In the time The Tiger had taken to ship and clear customs I had decided to complete a tour of New Zealand on a hired road version of the Tiger, which actually worked out cheaper than shipping mine across from Australia & back, and also avoided weeks sat idle wishing I was riding!
In addition to Ivan’s wealth of talents, it also turned out he was a top guy, and after collecting me from my temporary accommodation near the airport (where I was being well looked after by my ‘AirB&B’ hosts Colette and Kevin), drove me to his house and forced me to consume several bottles of beer and a legendary ‘Smolijo’ Burger before handing me over the keys to my much missed beautiful bike. And she was still beautiful, even after all this time apart… Absence certainly does make the heart grow fonder. Or should that be absinthe?

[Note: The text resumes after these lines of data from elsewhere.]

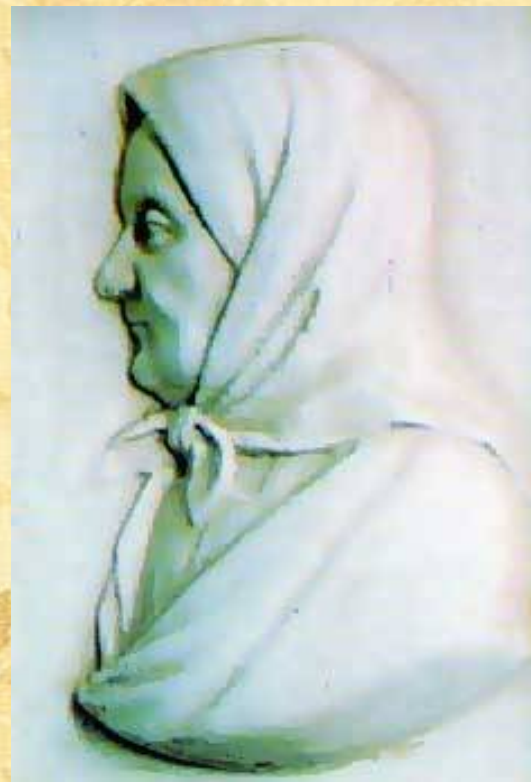
Яковлева Арина Родионовна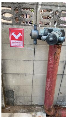
ภาพที่ 17 หัวรับน้ำดับเพลิง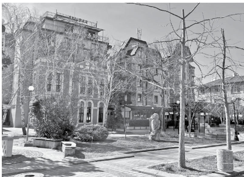
Сградата на бившата Народна милиция (Вляво) е влята в основното тяло на хотел „Сейнт Джордж“ в ЦГЧ на Поморие

Защото групата на ПП ГЕРБ застана зад един проект, който ще даде новата визия на центъра на града ни и неговото развитие. Отново казвам, докладната е отхвърлена, но решението от 2021 г. е в сила. Администрацията работи по законите на Република България. Дадох им срок да внесат ново предложение. Ако не го направят, ще изпълним решението от предходни години.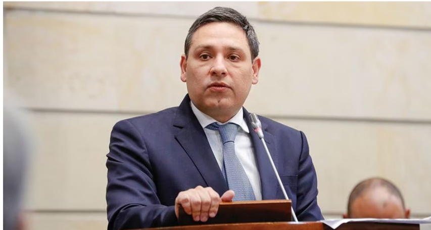
Mauricio Lizzcano será el nuevo ministro de las TIC.

El futuro de la fuerza pública también está en juego tras la barrida de más de 60 generales, el ruido sobre una baja de la moral en las tropas y los constantes señalamientos por la disminución en la operatividad. Petro está empeñado en la interdicción y ha dejado en un segundo plano la erradicación de la coca, por lo que se espera que el país muy pronto llegue a la cifra de 300.000 hectáreas sembradas o más, algo impensable. Esto se convierte en un arma de doble filo para el presidente, pues a más cocaína, más combustible para la violencia en el país.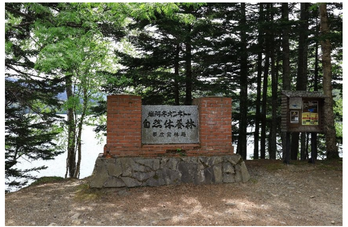
オンネトーの標識

下山後は、登山口の側にある雌阿寒温泉で汗を流しました。この温泉、源泉かけ流しでめちゃくちゃ熱い、しかも過去一番の硫黄臭で、帰路、空港に到着してもまだ硫黄の匂いが取れない状況でした。温泉には注意書きがあり、30分以上の入浴は禁止、過去に亡くなった方もいるとかいないとか。ちなみに、個別の洗い場（シャワーや水道の蛇口など）はないので、源泉と水のでる唯一の蛇口を使って混ぜ合わせ、かけ湯するしかありません。私が入った時は登山後すぐの午前10時頃、誰もいない湯船に一人のんびり浸かり、何も無い不便を感じる贅沢と北海道の大自然の恵を満喫しました。尚、早めに新千歳空港に到着したので、ご当地ラーメンを食べ、お土産を買い帰宅しました。北海道にある日本百名山は9座、あと5回は行かなければならないので、今後も北海道を存分に楽しみたいと思います。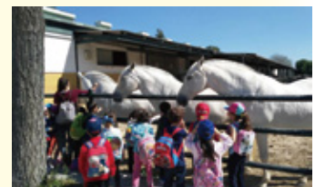
馬の群れを見学している児童たち

皆さんも、「Caballo Cartujano」について調べてみると面白いと思います。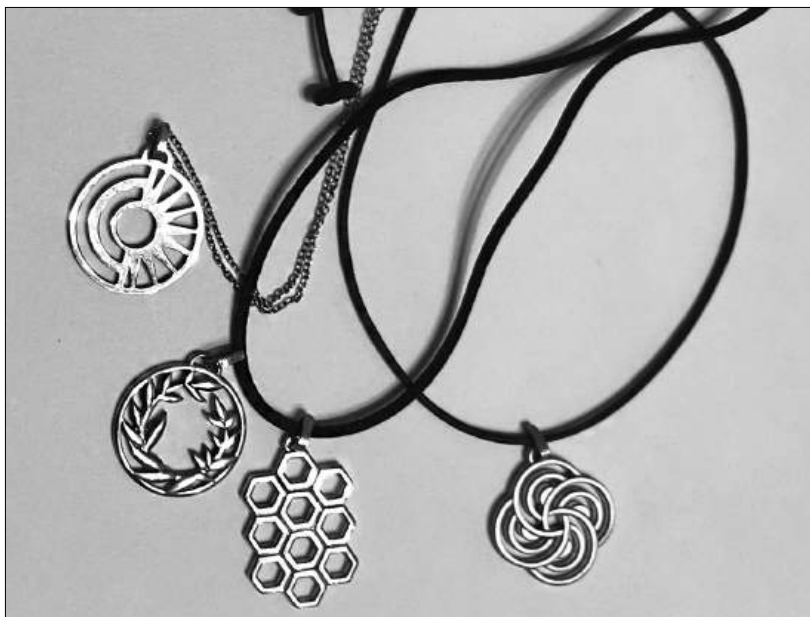
Илл. 7. Женские подвески-«гури» ювелирной фирмы «Золотас»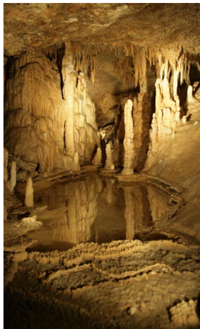
GROTTE DE ROLAND

Villages et petit patrimoine (fontaines, églises, moulin à vent.), visite du village de Montcuq (accompagnée ou en liberté), visite des chapelles romanes du Quercy Blanc, grotte de Roland.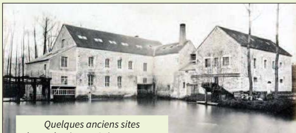
Quelques anciens sites de production en Seine-et-Marne des papeteries du Marais

Depuis, les papeteries du Marais ont fabriqué du papier-monnaie majoritairement pour des pays africains et asiatiques, mais elles ont dû fermer leurs portes, en raison du recul de l'utilisation du papier-monnaie à travers le monde.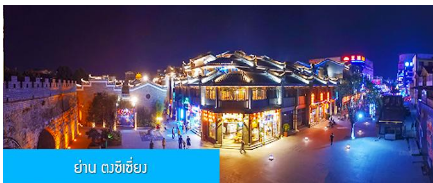
ย่าน ตงซีเซียง

จากนั้นนำท่านเที่ยวชม พิพิธภัณฑ์ดอกกุยฮวา 桂花公社 ดอกกุยฮวาเป็นดอกไม้สีเหลืองที่มีกลิ่นหอม เป็นดอกไม้ประจำเมืองของกุยหลิน จะเบ่งบานในช่วงเดือนมิถุนายน – กรกฎาคมของทุกปี ในช่วงที่ดอกกุยฮวาเบ่งบานในเมืองกุยหลินจะคลุ้งไปด้วยกลิ่นหอมจากดอกกุยฮวา ทั่วเมืองกุยหลินจะเต็มไปด้วยสีเหลืองของดอกกุยฮวา ดอกกุยฮวาสามารถนำมาแปรรูปเป็นอาหารและเครื่องดื่มได้ และได้รับความนิยมจากชาวจีนตอนใต้เป็นอย่างมาก ชมพิพิธภัณฑ์ที่ทันสมัยด้วยระบบจัดแสดงที่ทันสมัย ภายในพิพิธภัณฑ์มีความโอ่อ่า มีการสาธิตและจำหน่ายผลิตภัณฑ์ที่ทำจากดอกกุยฮวา อาทิ ขนมดอกกุยฮวา ชาที่ทำจากดอกกุยฮวา และสินค้าพื้นเมืองอื่น ๆ

Ivan has shipped bikes for loads of people over the years and his services were in so much demand that he gave up his day job and now does it for a living, and loves it! Able to ship bikes all over the world for great rates, I fully recommend his services (bikesabroad dot com dot au).
In all seriousness didn’t really realise how much I had missed my XC until I had her back. The road version I had hired for my New Zealand leg was OK (except for being yellow), but I much prefer the extra height of the XC, its off-road capabilities, looks and it just seems to fit me better. Ivan, smashing bloke that he is, had already cleared all the customs paperwork & had my Carnet stamped ready for me, so all that remained was a quick 10 minute visit to ‘VIC Roads’ Vehicle Licensing Centre to get her legal and insured for Australian roads, and I was all set for my Great Australian Adventure!
But first, I had an appointment down the pub with someone I’d met while riding a KLR650 around Ecuador last year, during a spell I had in the rainforest getting whipped with spiked stinging nettles by a Shaman. The nettles were supposed to rid me of all ‘bad demons’, and maybe they did, but they more noticeably rid me of most of the skin on my back, covering it in cuts and red welts for several days. I still think he was just having a laugh at the expense of a stupid British tourist!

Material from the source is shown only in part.